They passed through the gates to RAF West Porton; the car drove directly to the front door of the mess.
Rob climbed out, as mourners walked past from the car park.
Inside the mess, they made their way to the large anteroom, securing the early pickings at the buffet and wine. But Rob wasn’t hungry.
The room filled quickly and the chatter level rose.
Rob tried to talk to Mary again, but she warned him off with a stern look and a shake of the head.
Before he knew it, the room was packed, and Rob could see only the few people directly around him, and there was no-one he knew well.
Red Brunson appeared, pushing through the throng.

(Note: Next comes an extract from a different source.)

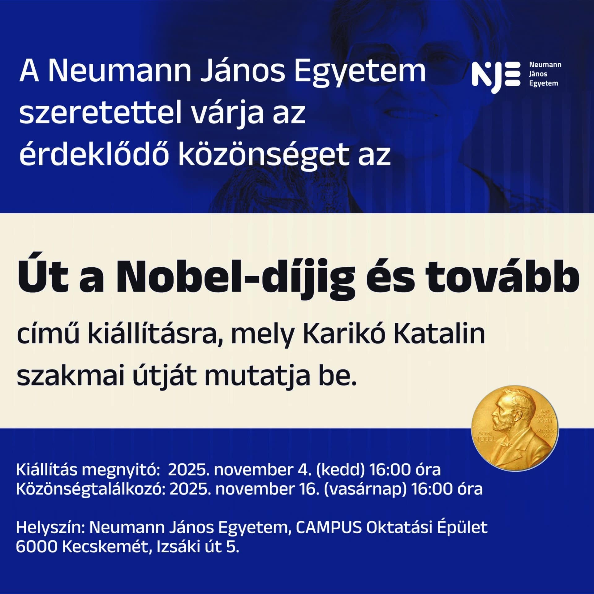 Az MTA 200 éves jubileuma alkalmából a dél-alföldi régió ünnepi nyitórendezvényét november 4-én tartották Kecskeméten, ahol az MTA Szegedi Akadémiai Bizottsága, a régió iparkamarái és a Neumann János Egyetem közösen köszöntötték a magyar tudomány kétszáz éves örökségét. Az eseményt innovatív díjátadók, tudományos előadások és egy különleges kiállítás kísérte, amely Karikó Katalin Nobel-díjas kutató életútját mutatja be. A „Karikó Katalin útja a Nobel-díjig és tovább” című tárlat a Neumann János Egyetem campusán tekinthető meg, és november 16-án, vasárnap 16 órakor különleges eseménnyel teljesedik ki amikor a világhírű kutató ellátogat az egyetemre. A látogatás idején sor kerül egy nyilvános beszélgetésre és a kutató könyvének dedikálására is. A rendezvény iránt érdeklődőknek regisztrálniuk kell az egyetem honlapján. https://forms.cloud.microsoft/e/kJe4tYx5MM

Brunson’s eyes locked with Rob’s but then darted to his left, urging Rob to look behind him.
Mark Kilton followed him.
Rob stiffened.
Kilton stopped to talk to a group; he was only a few yards away.
From behind Red’s frame, Susie Attenborough stepped out.
Red ushered her forward.
“This is Susan Wilson. She worked with Millie at Boscombe Down.”
Susie put out her hand. Rob stared, eventually taking the cue and shaking it.
“Hello,” he managed.
“I’m so sorry for you all. I hadn’t seen Millie for some time, but he was the perfect gentleman and we are all very upset.”
“He was,” said Red.
A waiter appeared with a tray of white wine. Susie took a glass, along with Mary. But Red Brunson sipped from an orange juice.
“I’m flying later,” he told Rob, and looked at him, apparently waiting for a reaction.
The final flight of project Guiding Light.
Rob stared at Susie, but she was looking elsewhere.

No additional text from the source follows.